HERTZKE:  I’ll comment and then I’ll let the others comment who have more expertise on their specific budgets. I have actually a slide I used in a presentation of my own that just has the buildings that some of these groups have in Washington, D.C. – Family Research Council, AIPAC, Friends Committee on National Legislation, United Methodist Building. Just maintaining an office is expensive, and also maintaining offices around the country that support national advocacy. But I’ll let members tell us what you spend money on. Salaries are a big part. Go ahead.

GALLAGHER:  I guess that goes to my point that these are really actually quite different kinds of organizations, and for some of them – I won’t name them – I wonder myself where the money is being spent. The think tank model is, basically, you influence public policy by doing research and coming up with new legislative ideas and holding conferences and building coalitions. I mean – this is not a Washington organization – but something like the Manhattan Institute for Public Policy I think has been, in New York, quite an influential organization. This can be a very effective model.

Susan B. Anthony List gets involved primarily in trying to elect candidates. I think here it’s important to clear up what a (c)(4) and a (c)(3) can do. With the Supreme Court decision in Citizens United, a 501(c)(4) can, in fact, communicate with voters before an election directly, as long as it doesn’t coordinate with the candidate. This is what is referred to as independent expenditures, and this is a model that the National Organization for Marriage uses. We spend the bulk of our money on either getting involved in actual referendum campaigns or getting involved in the election processes that lead to giving voters the chance to vote on the gay marriage issue.
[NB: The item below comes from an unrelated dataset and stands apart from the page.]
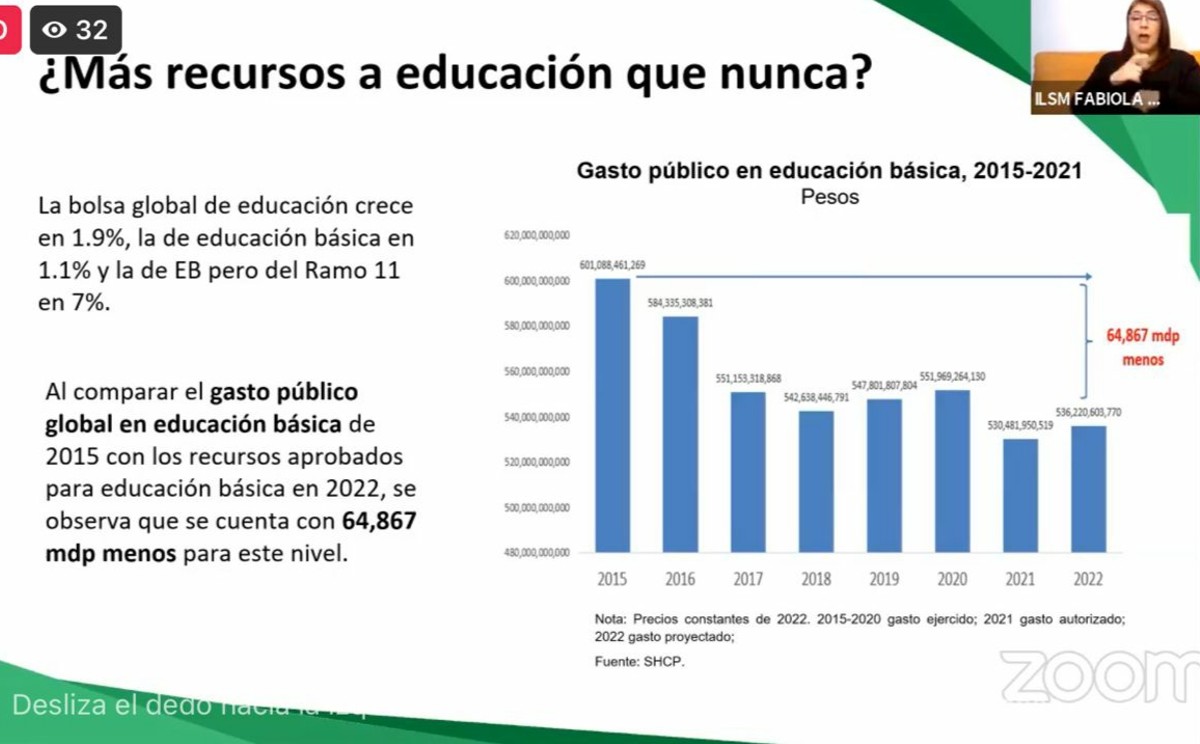 De acuerdo con David Calderón, presidente ejecutivo de “Mexicanos Primero”, el presupuesto para el próximo año es 64 mil 867 millones de pesos menos que el que se aplicaba en educación básica en 2015, con lo que desaparecieron cinco programas básicos de atención en infraestructura, contenidos, capacitación para docentes y el desarrollo de capacidades escolares que dejó en seria afectación a miles de estudiantes en todo el país a lo largo de los últimos dos años como resultado de la pandemia.

In the 2009-2010 election cycle, we were actually very involved in both Minnesota and New Hampshire state legislative races. I think that contributes to the fact that Minnesotans will be voting on whether or not they will have a state constitutional amendment on marriage. We got involved, and we spent a fair amount of money.

For example, when a pro-gay marriage Republican emerges, usually the voters are not really aware of it. So we’ve had it as part of our mission statement to demonstrate that it’s a really bad idea to be for gay marriage, at least if you’re a Republican. We would like to extend that to both parties, but that’s where we are at this point.

SAPERSTEIN:  I would add, Elizabeth, that all of the so-called religious lobbies who represent churches and houses of worship across the country are constantly developing social justice programs for them to do, some of which may have a policy component and some of which may not. But when we try to get every synagogue in America to be part of a feeding program to the hungry in the community, we may also put in our communications that the food stamp program is under enormous pressure and we hope people will write to their congressman or congresswoman on it and to their state and local legislators, as well, on behalf of food programs.

It may be an ancillary part of what this is all about. We may have a whole manual on how to put together a hunger program that’s effective in that synagogue or in that community – how to build coalitions to put together hunger programs – and this may be an ancillary part of it. Some of those overall costs are accounted for in the way Allen did it. If you’re looking through the filter of advocacy, it’s fair to do that.

But for the way we look, a lot of that is providing education and programming that in some cases doesn’t have the policy component to it, and in some cases the policy part is kind of an add-on. If you care about this issue, you not only have to deal with treating the symptoms, but you have to deal with the policy that is the cause of it as well, etc. So some of the lines between these are different.

But education and program work, conferences, training seminars on the issues, all of that would be a big part of the way that this is constructed in terms of those budgets. PR, media work, a lot of that would be part of this as well.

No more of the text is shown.